Duan Xiao-li, Wang Zong-shuang, Li Qin, Zhang Wen-jie, Huang Nan, Wang Bei-bei, Zhang Jin-liang
Chinese Research Academy of Environmental Sciences, Beijing 100012, China.
Huan Jing Ke Xue. 2011 May;32(5):1329-39.
This study was carried out in Biyang County, located in the junction of Yangtze river and Huaihe river. Drinking water samples of 20 sites in urban and rural areas in this county were collected to measure 14 heavy metals by ICP/MS. About 2 500 subjects with different age and sex were selected to measure exposure factors. Time-activity of drinking water by ingestion and dermal contact of each individual subject during the last three days were kept in dairy in detail by questionnaires. Intake of drinking water from direct and indirect consumption of water and time duration of dermal contact to water in each individual subject were kept in record based on real time measurements. Human health risks were assessed and sensitivity of exposure factors and uncertainty of risks were also analyzed. The results showed that the average drinking water intake rate of male and female are 2276 mL/d, 2265 mL/d in urban adults and 2464 mL/d, 2170 mL/d in rural adults respectively. Body surface area of male and female are 1.806 m2, 1.641 m2 in urban adults and 1.747 m2, 1.617 m2 in rural adults respectively. The contents of 14 heavy metals in this study area are all below the national drinking water standards. Cancer risks from exposure to As are ranged from 2.5 x 10(-6) to 5.2 x 10(-6) through ingestion and 1.1 x 10(-7) to 2.3 x 10(-7) through dermal exposure. Non-cancer risks are ranged from 2.1 x 10(-7) to 1.7 x 10(-6) through ingestion and 1.0 x 10(-8) to 6.0 x 10(-8) through dermal exposure. Non-cancer risks in rural population are 2.1 times to 5.6 times to the risks in urban populations. However all the risks are below the acceptable level. The sensitivity of various exposure factors including drinking water intake rate, dermal exposure time and body surface area are 71.5%. This indicates that exposure factors play a very important role in health risk assessment. Health risks in this research based on real measurement of exposure factors are about 0.94 time to 6.33 times higher than the risks based on the references of the data from the exposure factors handbooks in other countries. This study showed that the accuracy of health risk assessment could be improved a lot by the real measurements of exposure factors. Attentions should be attached to exposure factor investigation to decrease uncertainty of health risk assessment.

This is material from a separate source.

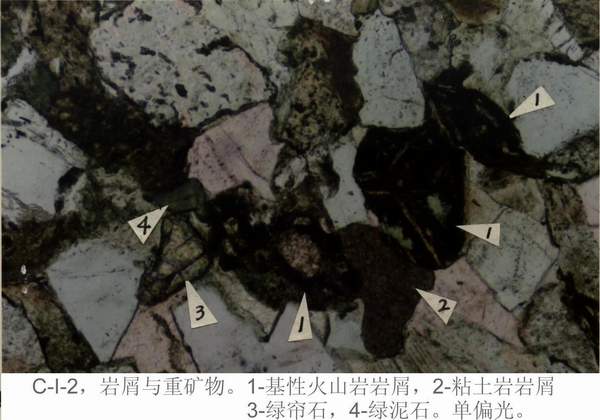 I20:颗粒:石英(多具裂纹)、石英岩岩屑、燧石、粘土岩岩屑、页岩岩屑、粉砂质页岩岩屑、绿泥石片岩岩屑。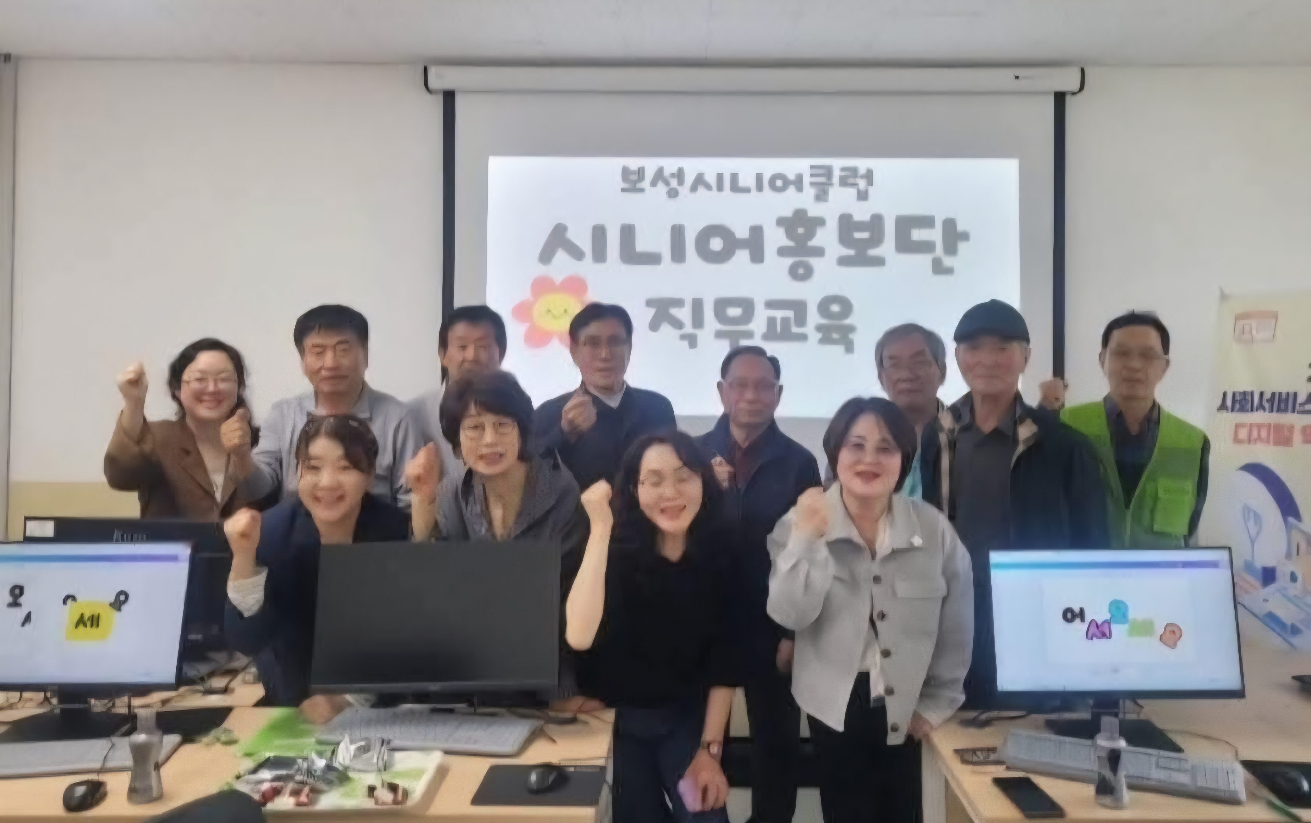보성시니어클럽 홍보단 직무교육에 참여한 어르신들이 파이팅을 외치며 활기찬 활동을 다짐하고 있다. 홍보단은 12명으로 구성되어 일자리 현장을 기록하고 지역사회의 따뜻한 이야기를 전하며, ‘보성시니어신문’과 SNS 채널을 통해 널리 알리고 있다. 사진=보성시니어클럽

本研究在位于长江与淮河交界处的泌阳县开展。采集了该县城乡20个地点的饮用水样本,采用电感耦合等离子体质谱法(ICP/MS)测定14种重金属含量。选取了约2500名不同年龄和性别的受试者测量暴露因素。通过问卷调查详细记录了每位受试者在过去三天内经口摄入和皮肤接触饮用水的时间活动情况。根据实时测量记录了每位受试者直接和间接饮水的摄入量以及皮肤接触水的持续时间。评估了人体健康风险,并分析了暴露因素的敏感性和风险的不确定性。结果表明,城市成年男性和女性的平均饮水量分别为2276毫升/天和2265毫升/天,农村成年男性和女性分别为2464毫升/天和2170毫升/天。城市成年男性和女性的体表面积分别为1.806平方米和1.641平方米,农村成年男性和女性分别为1.747平方米和1.617平方米。本研究区域内14种重金属含量均低于国家饮用水标准。通过摄入途径接触砷的致癌风险范围为2.5×10⁻⁶至5.2×10⁻⁶,通过皮肤接触途径为1.1×10⁻⁷至2.3×10⁻⁷。非致癌风险通过摄入途径范围为2.1×10⁻⁷至1.7×10⁻⁶,通过皮肤接触途径为1.0×10⁻⁸至6.0×10⁻⁸。农村人口的非致癌风险是城市人口的2.1倍至5.6倍。然而,所有风险均低于可接受水平。包括饮水量、皮肤接触时间和体表面积等各种暴露因素的敏感性为71.5%。这表明暴露因素在健康风险评估中起着非常重要的作用。本研究基于暴露因素实际测量的健康风险比其他国家暴露因素手册数据参考值的风险高约0.94倍至6.33倍。该研究表明,通过实际测量暴露因素可大幅提高健康风险评估的准确性。应重视暴露因素调查以降低健康风险评估的不确定性。